Optimal. Leaf size=140 \[ \frac{1}{5} x^5 (d+10 e)+\frac{5}{4} x^4 (2 d+9 e)-\frac{10 d+e}{4 x^4}+5 x^3 (3 d+8 e)-\frac{5 (9 d+2 e)}{3 x^3}+15 x^2 (4 d+7 e)-\frac{15 (8 d+3 e)}{2 x^2}+42 x (5 d+6 e)-\frac{30 (7 d+4 e)}{x}+42 (6 d+5 e) \log (x)-\frac{d}{5 x^5}+\frac{e x^6}{6} \]
[Out]
_______________________________________________________________________________________
Rubi [A] time = 0.217215, antiderivative size = 140, normalized size of antiderivative = 1., number of steps used = 3, number of rules used = 2, integrand size = 19, \(\frac{\text{number of rules}}{\text{integrand size}}\) = 0.105 \[ \frac{1}{5} x^5 (d+10 e)+\frac{5}{4} x^4 (2 d+9 e)-\frac{10 d+e}{4 x^4}+5 x^3 (3 d+8 e)-\frac{5 (9 d+2 e)}{3 x^3}+15 x^2 (4 d+7 e)-\frac{15 (8 d+3 e)}{2 x^2}+42 x (5 d+6 e)-\frac{30 (7 d+4 e)}{x}+42 (6 d+5 e) \log (x)-\frac{d}{5 x^5}+\frac{e x^6}{6} \]

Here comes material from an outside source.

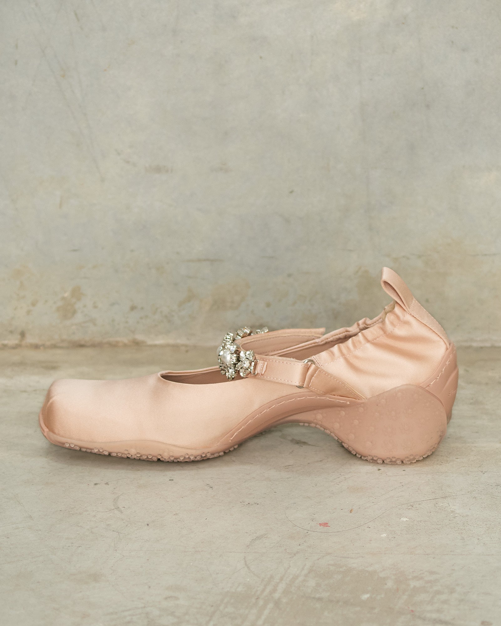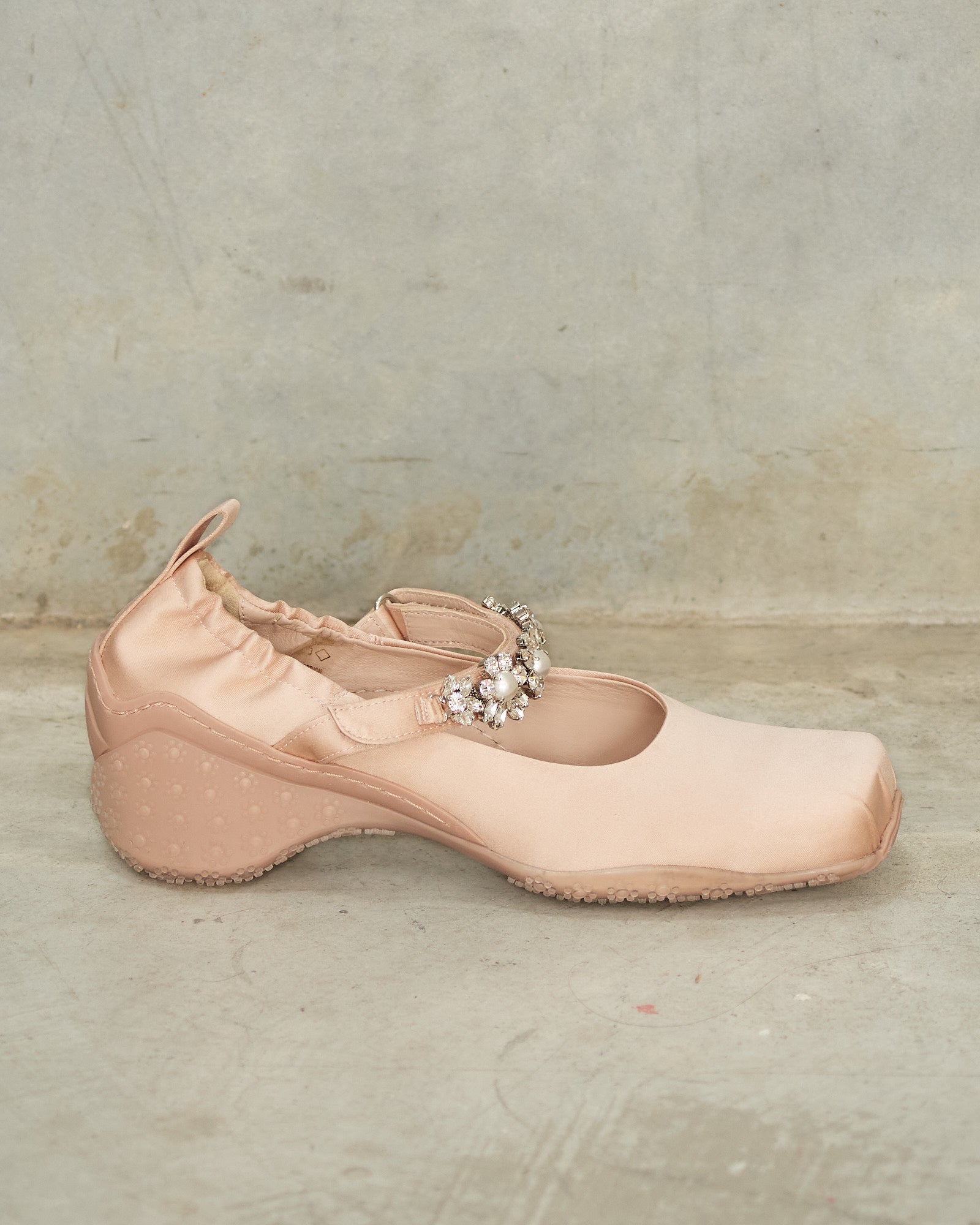 Embellished ballet runners by Simone Rocha in nude. Drawing inspiration from classic ballet shoes, featuring a pleated toe box and embellished strap fastening. Daisy-embossed soles provide a lifted heel with a sporty feel.

Antiderivative was successfully verified.
[In] Int[((d + e*x)*(1 + 2*x + x^2)^5)/x^6,x]
[Out]
_______________________________________________________________________________________
Rubi in Sympy [F] time = 0., size = 0, normalized size = 0. \[ - \frac{d}{5 x^{5}} + \frac{e x^{6}}{6} + x^{5} \left (\frac{d}{5} + 2 e\right ) + x^{4} \left (\frac{5 d}{2} + \frac{45 e}{4}\right ) + x^{3} \left (15 d + 40 e\right ) + x \left (210 d + 252 e\right ) + \left (120 d + 210 e\right ) \int x\, dx + \left (252 d + 210 e\right ) \log{\left (x \right )} - \frac{210 d + 120 e}{x} - \frac{60 d + \frac{45 e}{2}}{x^{2}} - \frac{15 d + \frac{10 e}{3}}{x^{3}} - \frac{\frac{5 d}{2} + \frac{e}{4}}{x^{4}} \]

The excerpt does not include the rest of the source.